News
Quantum of Solace looks to UK’s finest for Quality of Sound
30 October 2008
From premixing, through film scoring to the final edit, AMS Neve was the console brand of choice for the Quantum of Solace sound team
Convincing… powerful… compelling… richly nuanced… The critical acclaim for Casino Royale, Daniel Craig’s first outing as James Bond, made the follow up – Quantum of Solace – the most eagerly anticipated movie of 2008. With the screen action relying on gritty realism rather than gadgetry, Quantum of Solace
called for a soundtrack that was equally powerful and compelling.
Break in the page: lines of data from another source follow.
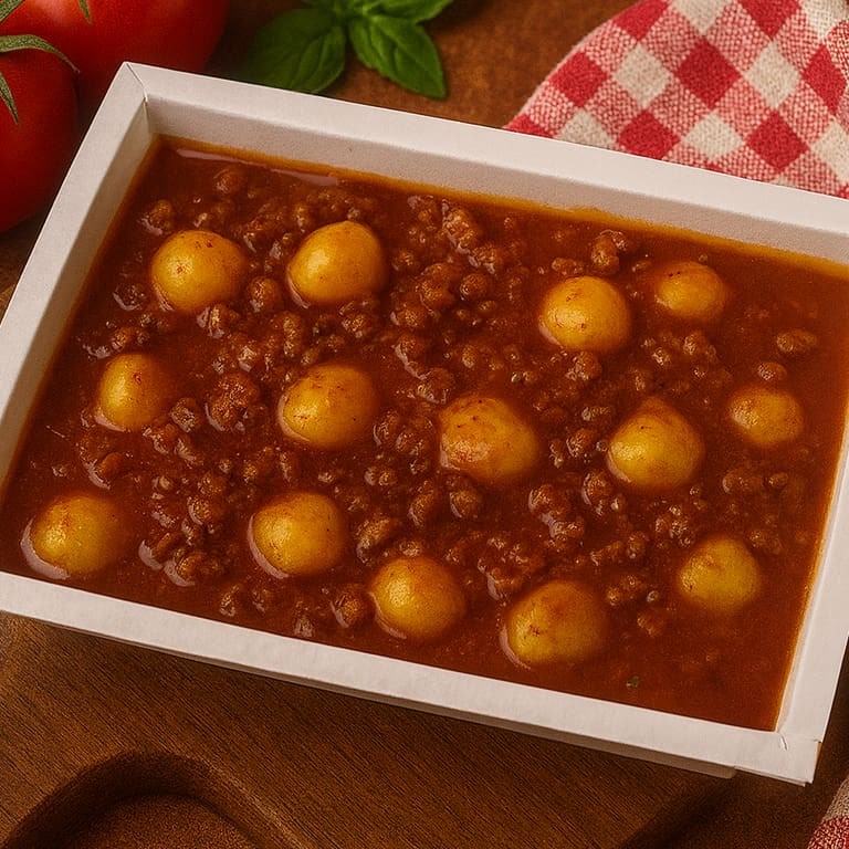 Nhoque macio e delicado, preparado no ponto perfeito, envolvido em um molho à bolonhesa encorpado, feito com carne bem refogada, tomate selecionado e temperos que trazem aquele sabor clássico e irresistível. Acompanha queijo parmesão ralado à parte, para finalizar do seu jeito e elevar ainda mais a experiência. Uma refeição confortante, farta e extremamente saborosa, perfeita para quem ama massas bem servidas e cheias de personalidade. 🔥 Clássico italiano que conquista no primeiro garfo ⚖️ Aproximadamente 500g de uma refeição completa 🧀 Parmesão à parte para finalizar com ainda mais sabor
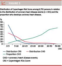 The aim of this paper was to examine relationships between the distribution of risk factors, the distribution of CHD events and the proportion of the population that develops CHD according to its level of risk. Risk factors are baseline levels of systolic blood pressure (SBP), low-density lipoprotein (LDL) cholesterol and The Copenhagen Risk Score (CRS) in relation to ten-year incidence of CHD.
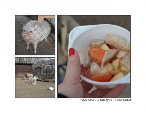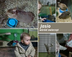 Przywitał nas skaczący po chacie królik, który był całkiem łasy na głaskanie. Czekały już na nas przygotowane przekąski dla zwierzaków: marchew, kawałki chlebka i jabłko. Niektóre zwierzęta przebywają nadal w chacie, ponieważ temperatura nie pozwala im jeszcze swobodnie biegać po podwórku. Jasiek podpatrywał milusińskich w swoich domkach. Całkiem podobały mu się papużki, przepiórki, króliki, chomiki, świnki morskie itp. Następnie opiekunki zwierząt Olga i Magda zaprosiły nas na wiejskie podwórko. Opowiadały o rodzajach składanych jaj przez ptaki, a także o pielęgnacji,karmieniu i hodowli.
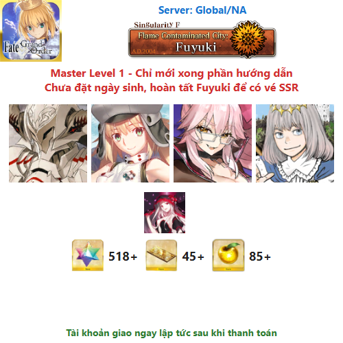 ⚠️ Vì tài khoản chưa hoàn tất chương đầu là Fuyuki, nên sẽ chưa có vé chọn SSR miễn phí, mọi người mua về chơi xong chương đầu sẽ có.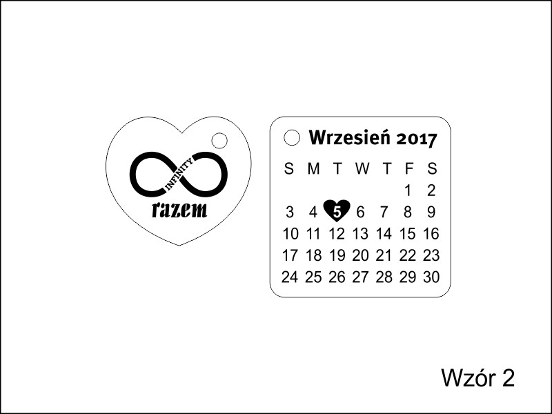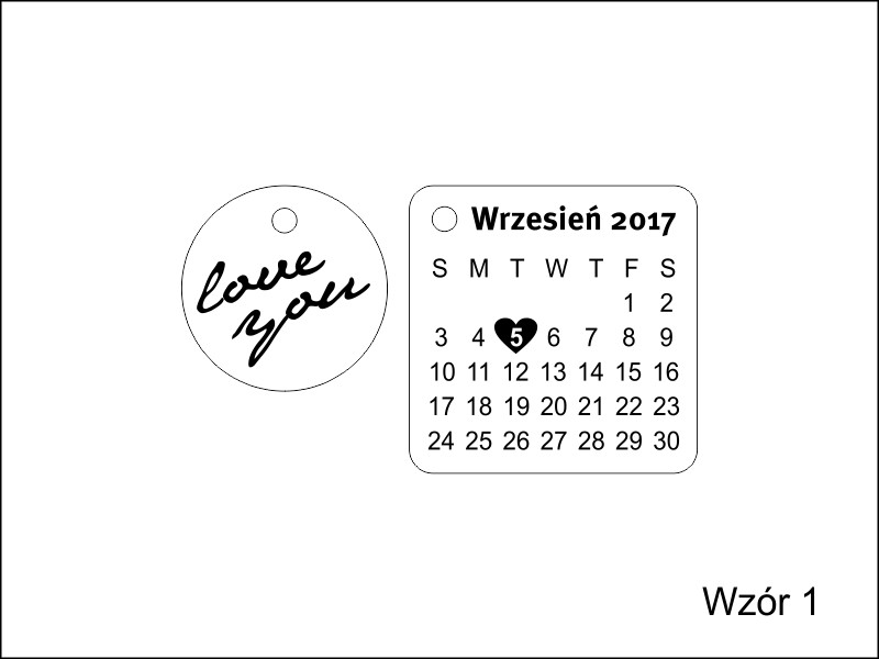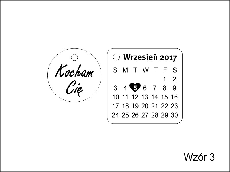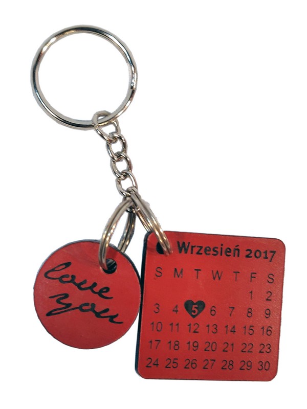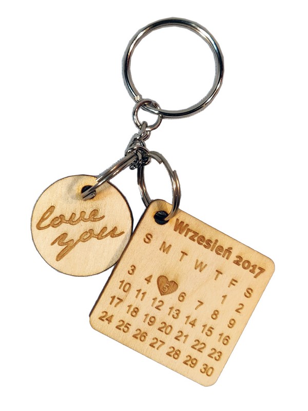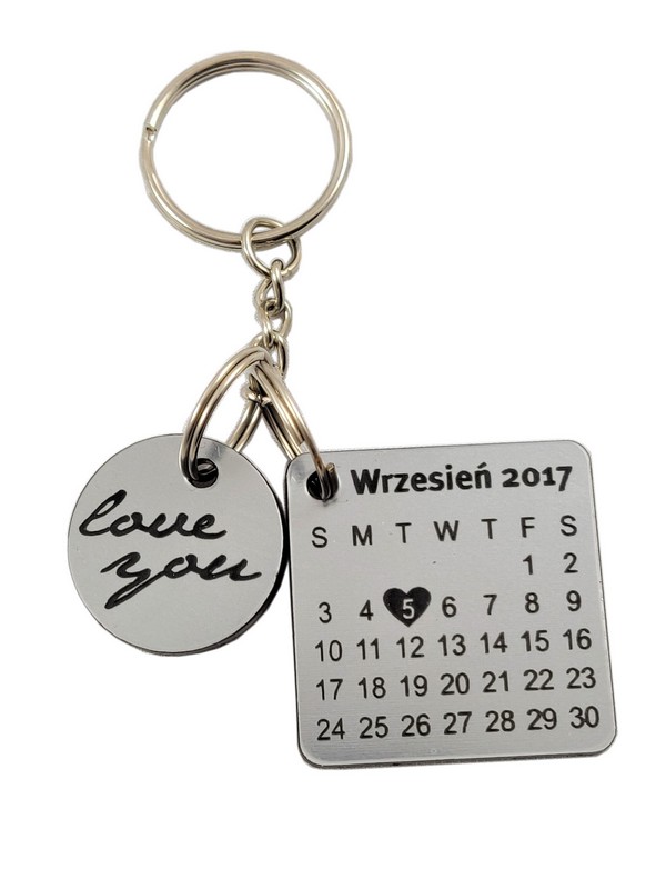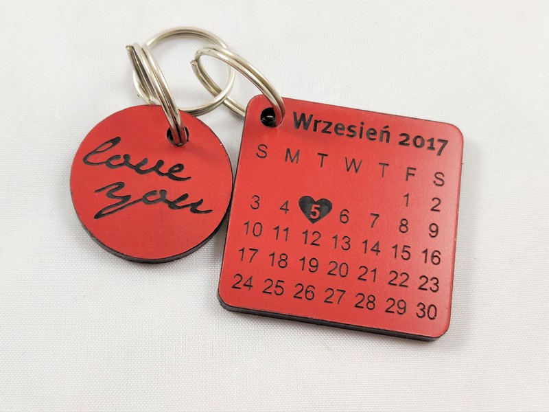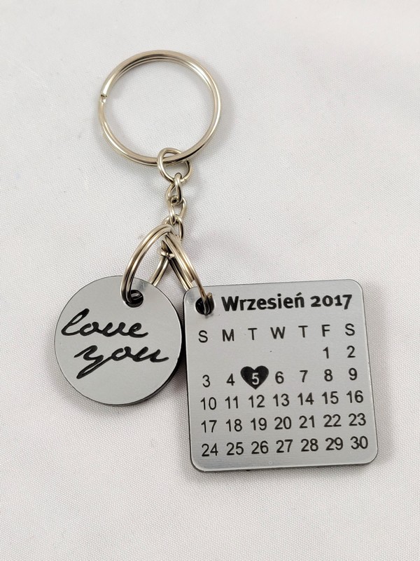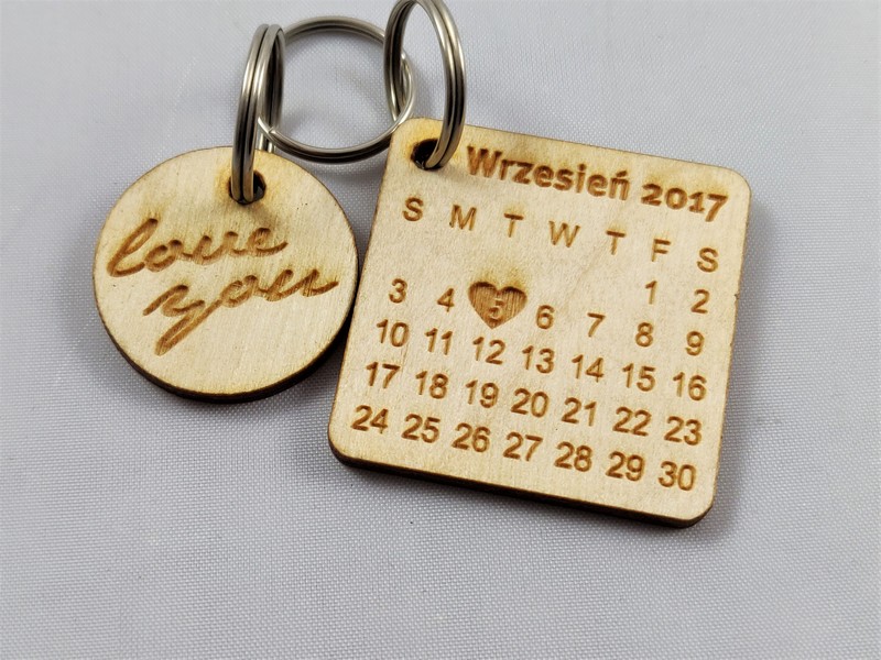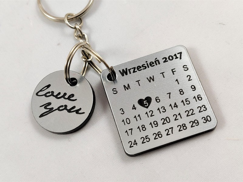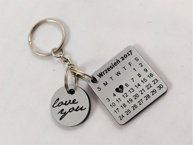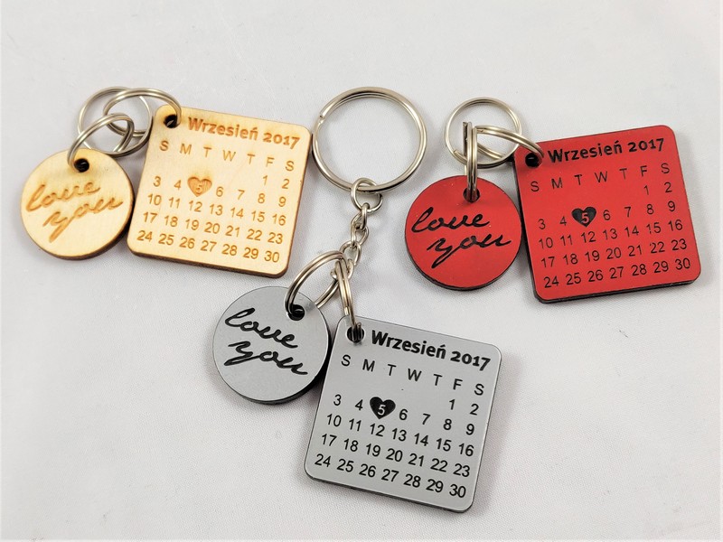 Na kółeczku czy sercu wykonany jest grawer krótkiej dedykacji, natomiast na prostokącie wygrawerowany jest miesiąc z kalendarza z zaznaczoną datą.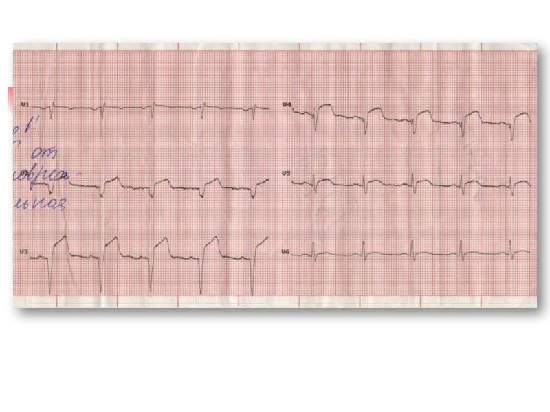 V4-6, депрессия ST и «» Т в I, avL, V4-6).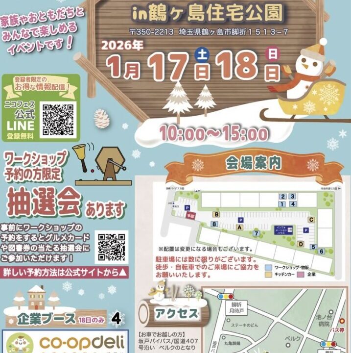 今回は、鶴ヶ島住宅公園で開催される「nikoフェス」の情報です。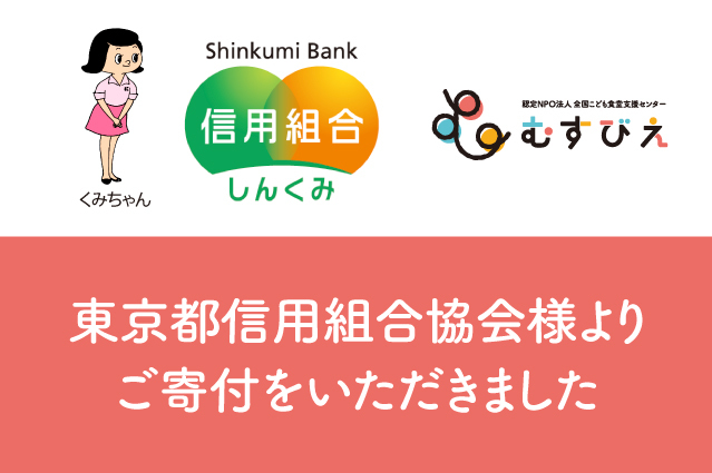 東京都信用組合協会様並びに定期預金企画においてこども食堂への支援に共感をいただいた預金者の皆さまに心より感謝申し上げます。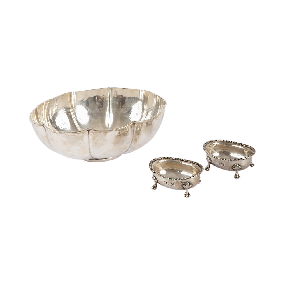 Set di due saliere con 4 piedini e fagiolo firmato Missiaglia, timbri fascio, Argento 800/°°°, gr. 368.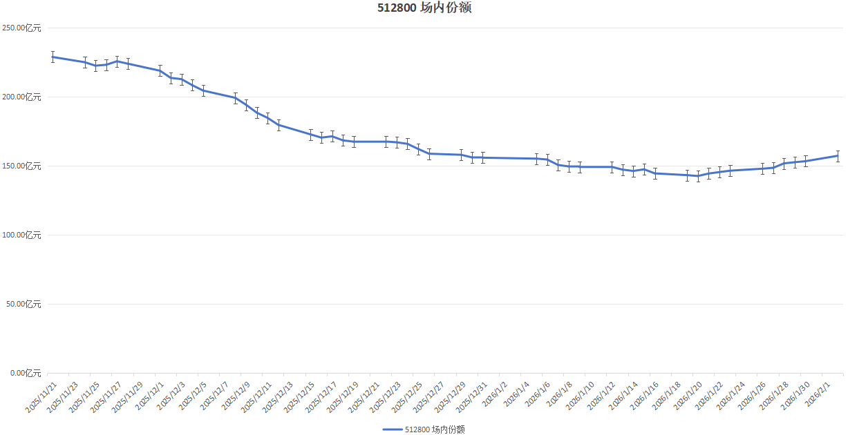 2、记录512800份额触底缓慢恢复;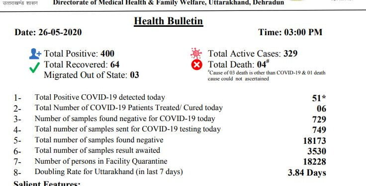 उत्तराखंड कोरोना संक्रमण के मामले में तेजी से आगे बढ़ रहा है। अपरान्ह 3 बजे जारी हेल्थ बुलेटिन के अनुसार उत्तराखंड में आज 51 संक्रमित चिन्हित किए गए। इस तरह कुल संक्रमितों की संख्या 400 हो गई है।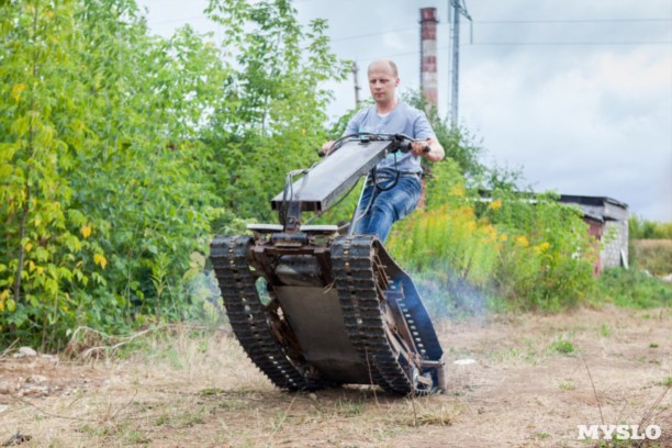«Пыль да тумааан», — захотелось спеть после того, как ещё разок взглянула на шедевр туляка. А что, пока сельские дороги не стали похожи на городские магистрали, передвигаться на них действительно лучше на «гусеницах». И удобно, и не застрянешь.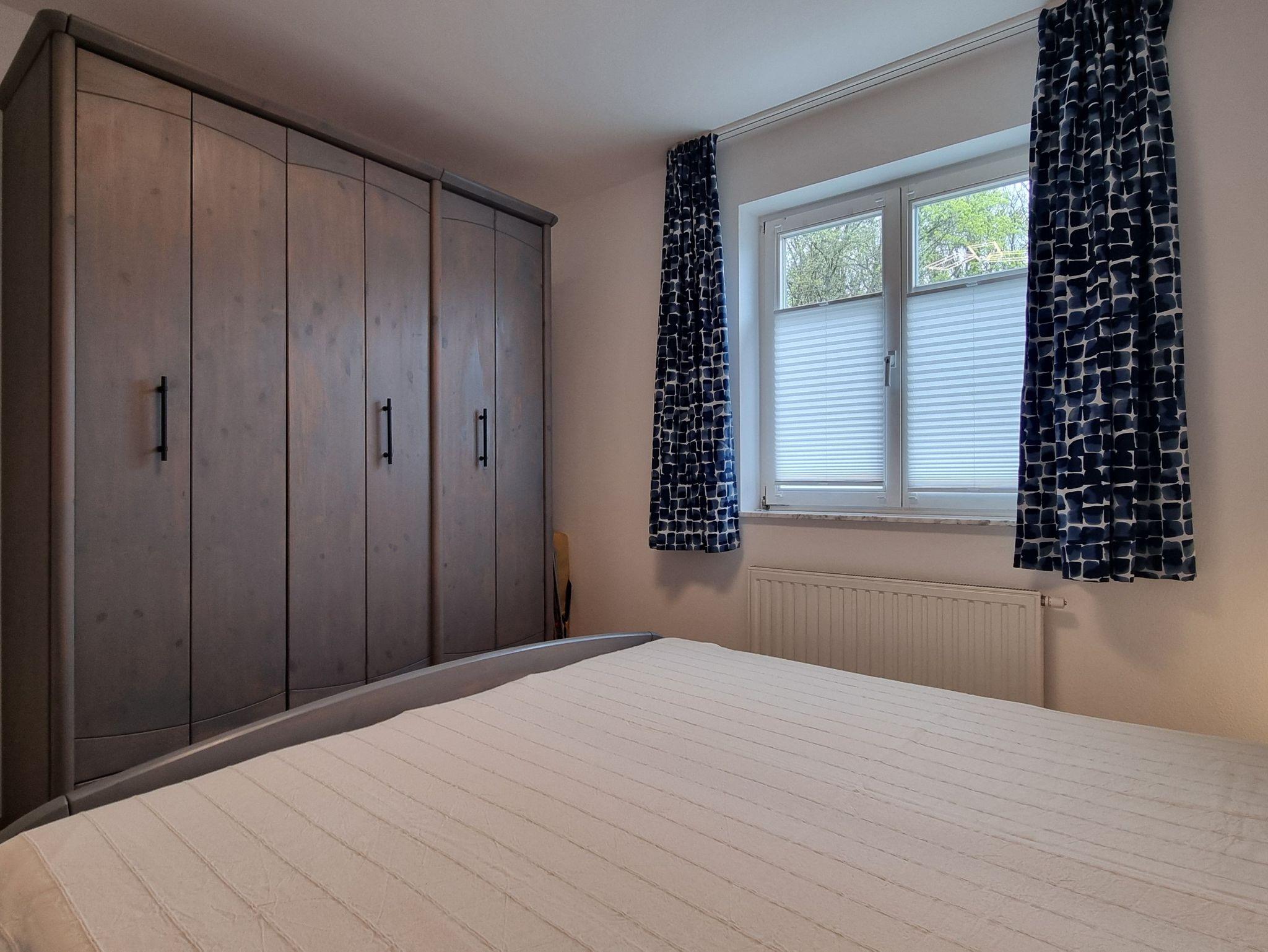 • Ein Schlafzimmer mit einem Doppelbett (180 x 200 cm), einer Sitzbank und einem Kleiderschrank.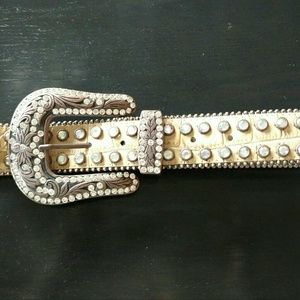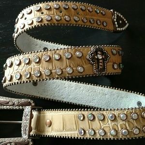 Tan 1 1/2" leather, embossed gator print belt with iridescent crystals and copper tone cross shaped embellishments, ball edging and removable buckle. An awesome addition to your wardrobe! New/never worn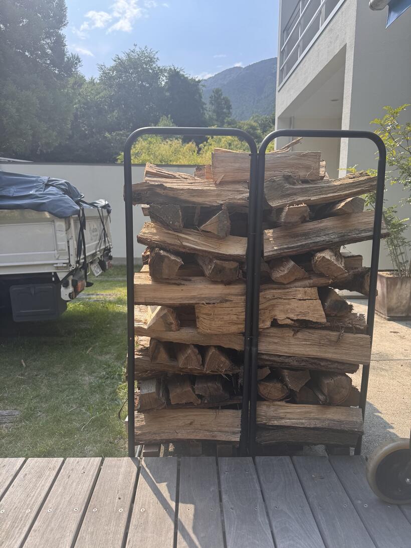 薪の積み方 2025.08.25 来シーズン用の薪を納品させて頂いた時の写真ですが、手前の薪が右に傾いているのがわかるでしょうか?この部分は昨シーズン余った薪をお客様が移設した薪棚に積み上げていました。一列に積み上げると薪が乾燥していくにつれ傾いたり崩れたりしてしまうことがあります。 こちらの写真の方が傾き加減がよく分かるのではないでしょうか?このままではシーズンまでには多分崩れてしまいますので積み直す必要があります。 こちらの写真が積み直した薪棚の様子です。まっすぐ積み直したことがわかると思います。しかしただ積み直しただけでは再び崩れてしまうので、ちょっとした積み方の工夫が必要です。 こちらが1年分の薪を全て積んだ写真です。量は約2.25ステール。この積み方を詳しく知りたい方はこちらのYouTube(絶対に崩れない薪の積み方)を参考にして頂けると嬉しいです。https://www.youtube.com/watch?v=4EPXqylBj7A&t=35s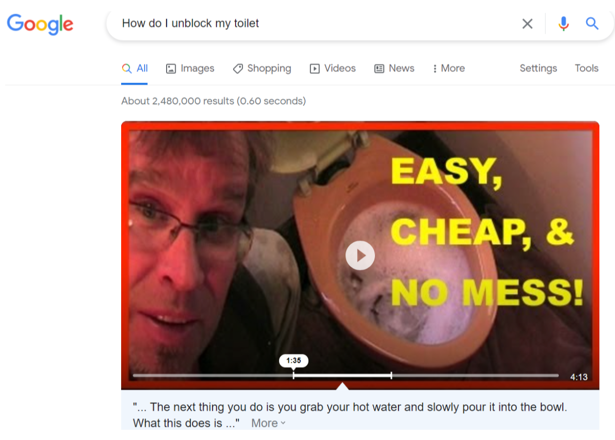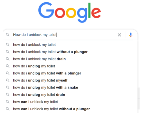 Going back to our plumbing business example, if you type a question relevant to your business into Google, Google will also show you other search queries people ask that are similar to that question.

Cue a
cast of award-winning soundmen, the UK’s top facilities – De Lane Lea,
Air Studios and Real World Post – and, naturally, AMS Neve consoles and
outboard.
Mike Prestwood Smith and Mark Taylor, BAFTA-winners for their work on Casino Royale, were a shoo-in as re-recording mixers, as was Real World Post for the premixing. Co-founded by Prestwood Smith and with a 24-fader AMS Neve DFC Gemini at its heart, Real World Post is the film sound mixing and post-production alter ego of the renowned Big Room at Peter Gabriel’s Real World Studios in the Wiltshire village of Box, near Bath, England. Along with premixing for Quantum of Solace, the facility was also used for delivery requirements such as Music & Effects mixes for foreign language versions.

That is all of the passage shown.